Premium growth is up substantially for North American P&C insurers overall, though struggles continue for two notable segments, according to Fitch Ratings’ review of GAAP results for 40 North American reinsurers.
The aggregate group combined ratio increased by 1.4 percentage points to 96.8% versus 95.4% in 2021, while GAAP operating return on equity improved to 8.5% in 2022.
One notable outlier was the personal auto business. Historically one of the largest and more stable lines of business, results proved volatile, according to Director Christopher Grimes.
Personal lines performance deteriorated sharply, led by rising inflation, accelerating loss-cost trends in personal auto, and above average insured catastrophe losses
Director Christopher Grimes
While specialty commercial and (re)insurers produced the strongest improvement in operating results last year, Florida specialists stumbled again.
Florida homeowners insurers reported a considerable operating loss as losses from Hurricane Ian exacerbated an already-challenged environment.
Property specialists in this market will face challenges tied to reduced availability and higher costs for reinsurance coverage in the near term. Further market exits remain a distinct possibility in 2023
Recent legislative and regulatory actions enacted in Florida will support a reduction in future property insurance loss costs (see Rough Year for Many US Auto, Property and Casualty Insurers).
Sharply rising interest rates and widening of spreads drove the significant decline in unrealized positions of fixed-income portfolios across the group, driving a 13.3% decline in common shareholders’ equity.
The overall group entered the year with an aggregate unrealized bond gain position of $38 billion, before experiencing a $117 billion decline in unrealized bond values to a $79 billion unrealized loss at YE 2022.

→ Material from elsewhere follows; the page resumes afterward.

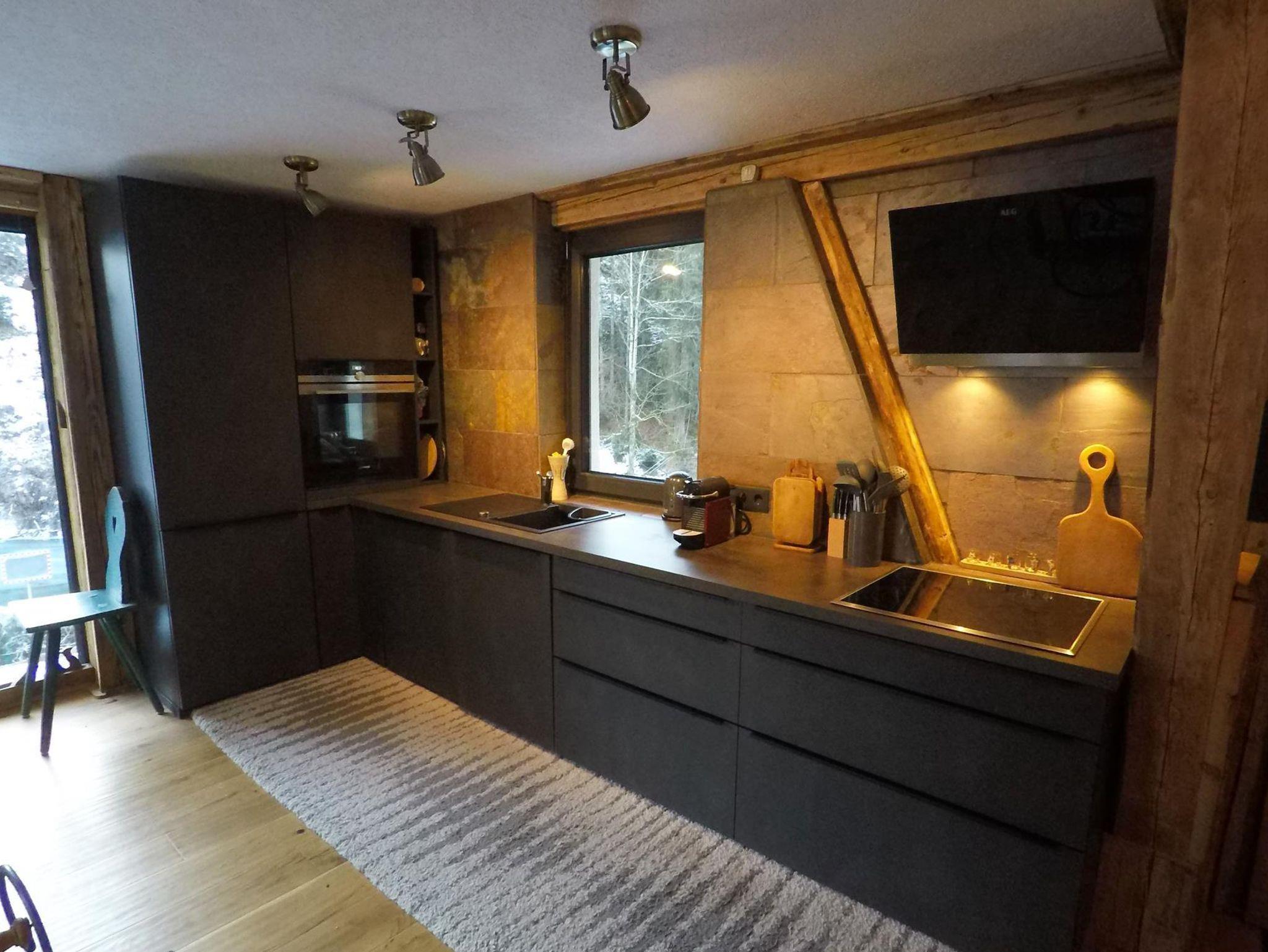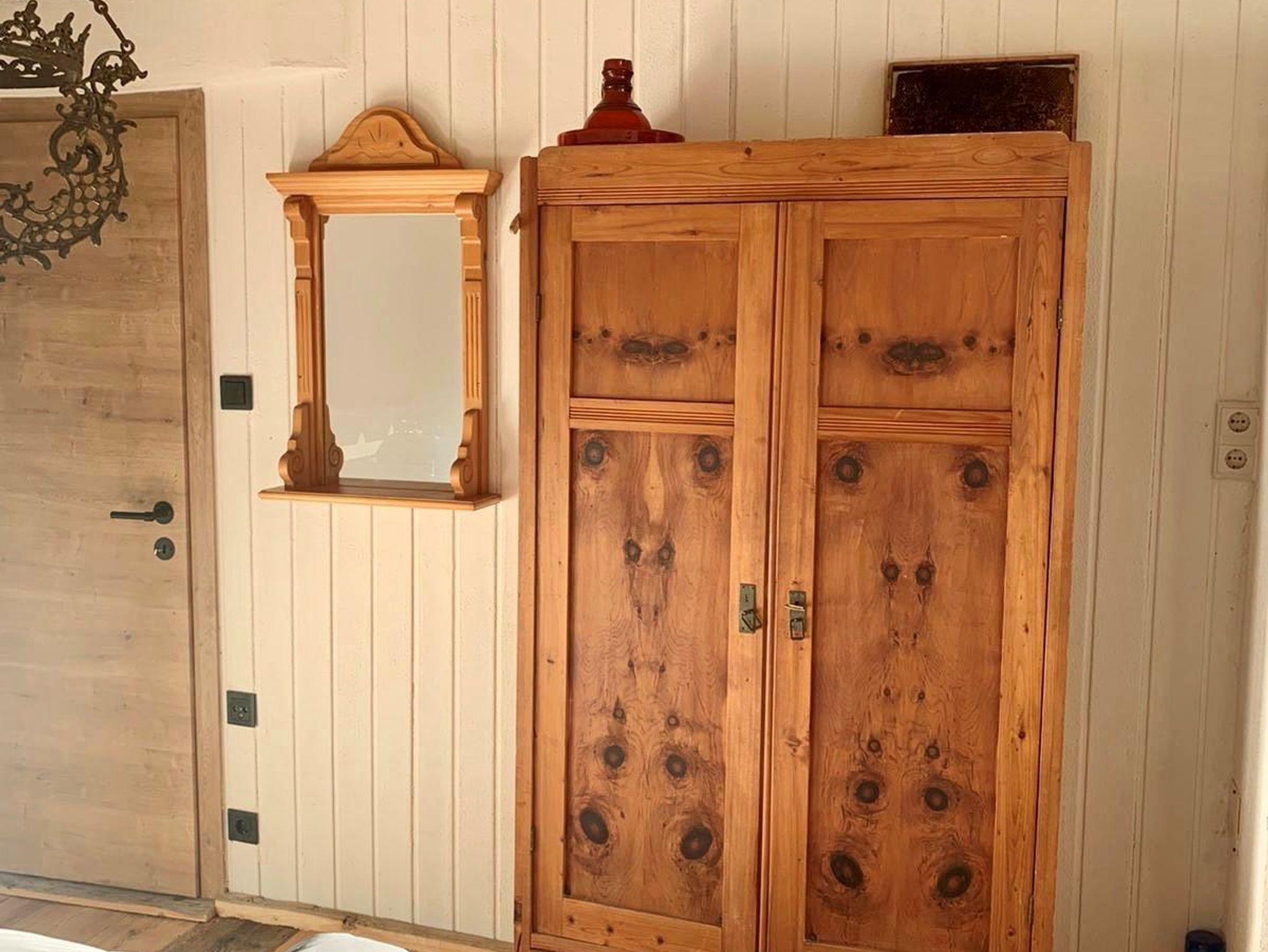 Das Erdgeschoss ist komplett offen gehalten und verfügt neben Sitzecke mit Kamin und eine separate Toilette über einen Esstisch mit 8 Sitzplätzen und eine moderne, komplett ausgestattete Küche. Der Skikeller mit eigenem Zugang bietet Platz für Ski, Boards und unsere spezielle Heizung trocknet Schuhe und Handschuhe über Nacht. Im Keller befindet sich außerdem eine Waschmaschine mit Trockenfunktion. Im ersten Stock finden Sie die drei Schlafzimmer: „Schönbach“, „Herzbergwerk“ und „Alpenglühn“. Jedes Zimmer ist mit Doppelbetten ausgestattet und sehr liebevoll mit Bauernantiquitäten eingerichtet. Ein großes Badezimmer mit Fußbodenheizung, Einlaufdusche mit Regenduschkopf, Toilette und Doppelwaschbecken rundet das erste Stockwerk ab.

Fitch currently holds a neutral fundamental sector outlook for the U.S. P&C insurance sector in 2023. Sharp pricing changes in personal lines point to better sector underwriting results in 2023 from uncharacteristic recent volatility.
Fitch could move the sector outlook to ‘deteriorating’ if underwriting performance is adversely affected by pricing that does not keeping pace with inflation, or reserve adequacy is materially compromised.